Grandma stopped dusting and adjusted her specs, "Damn spectacles must be dusty." She snapped.

"You need new glasses Gran." I said bluntly.

"Fiddle sticks do I! There's nothing wrong my sight."

"You need an eye test."

"Damn it Sky can't you see I'm busy. I don't want that old coot visiting me again. Forty years of marriage was bad enough and I have a whole eternity in his company to look forward to when I die."

"Fine. It's too early in the morning to argue with you."

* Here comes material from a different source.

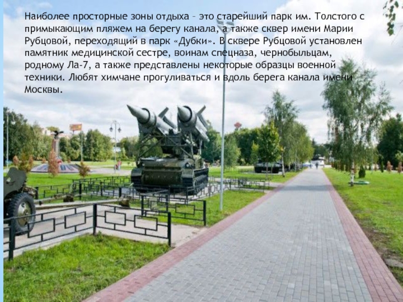 Марии Рубцовой, переходящий в парк «Дубки». В сквере Рубцовой установлен памятник медицинской сестре, воинам спецназа, чернобыльцам, родному Ла-7, а также представлены некоторые образцы военной техники. Любят химчане прогуливаться и вдоль берега канала имени Москвы.

Too tired to argue I left the old bat to ward off Grandpa's spirit. It wasn't easy living in a family of witches. There was no way I could go to a normal school or have normal friends. The good church-going folk of the near by towns were far too conservative for the likes of us 'freaks'. Grandma and I were renowned for our eccentric dress sense. Our reputation for unusual Gothic apparel caused a sensation when we made those rare trips to town. Grandma would spend hours braiding ribbons and flowers into her long gray hair before we went. She always wore her hair down over her green velvet cloak and people would stop their cars and stare at her as she paraded down the main street. She loved attention. While I on the other hand shied away from it. I didn't invite people to stare at me like she did. Towns were like an alien planet to me. I was far more comfortable in the forest. From an early age the isolation of the forest became a safe haven from the odd looks and cold stares of the local people. I would spend hours wandering the forest sitting in trees talking to nature spirits and watching the passing of the seasons. From this I had learned solitude and because it all I knew loneliness never bothered me. People were not my destiny. I would live alone forever once Grandma died, then I would eventually die and with me so would the ancient magic that flowed through my veins. I was the last of my family.

Stepping out into the morning air I stretched and inhaled the cool fresh air. I think today I would go forging in the forests for wild blackberries then I might cook up some jam later or bake a pie.

"Sky!" Grandma summoned loudly from with in the house.

I hated shouting so I headed back inside the house and replied with a sensible volume, "Yes?" .

"Could you cast a spell for the vegetable harvest this year?" she asked.

"Sure. I'm going blackberry picking first then I shall do it. Leave the spell out on the side or bookmark it whatever." I shrugged.